(RAW DATA begins)
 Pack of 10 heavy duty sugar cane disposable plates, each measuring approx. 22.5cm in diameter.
(RAW DATA ends)
(RAW DATA begins)
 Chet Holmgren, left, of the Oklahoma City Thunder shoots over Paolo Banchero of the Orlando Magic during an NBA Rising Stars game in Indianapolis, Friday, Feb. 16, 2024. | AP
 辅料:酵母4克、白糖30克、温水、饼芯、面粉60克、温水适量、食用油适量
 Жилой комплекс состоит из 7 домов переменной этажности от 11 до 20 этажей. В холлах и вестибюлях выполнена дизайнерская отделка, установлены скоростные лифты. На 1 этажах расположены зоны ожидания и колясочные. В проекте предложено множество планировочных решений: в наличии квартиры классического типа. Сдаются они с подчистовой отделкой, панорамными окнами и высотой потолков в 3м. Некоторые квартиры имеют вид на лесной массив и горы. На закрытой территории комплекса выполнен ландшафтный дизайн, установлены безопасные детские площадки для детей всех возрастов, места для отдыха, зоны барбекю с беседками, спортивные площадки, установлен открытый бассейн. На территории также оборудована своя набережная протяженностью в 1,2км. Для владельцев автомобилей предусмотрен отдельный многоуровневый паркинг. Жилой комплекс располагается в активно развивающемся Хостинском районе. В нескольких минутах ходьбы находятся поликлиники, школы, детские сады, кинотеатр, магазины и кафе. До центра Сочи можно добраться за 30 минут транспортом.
(RAW DATA ends)
WHAT THE TASK ASKS: An exact copy of the lines above, from the one containing "Chet Holmgren, left, of" through the one containing "辅料:酵母4克、白糖30克、温水、饼芯、面粉60克、温水适量、食用油适量", is the whole of the answer.

ANSWER TO THIS EXERCISE:
 Chet Holmgren, left, of the Oklahoma City Thunder shoots over Paolo Banchero of the Orlando Magic during an NBA Rising Stars game in Indianapolis, Friday, Feb. 16, 2024. | AP
 辅料:酵母4克、白糖30克、温水、饼芯、面粉60克、温水适量、食用油适量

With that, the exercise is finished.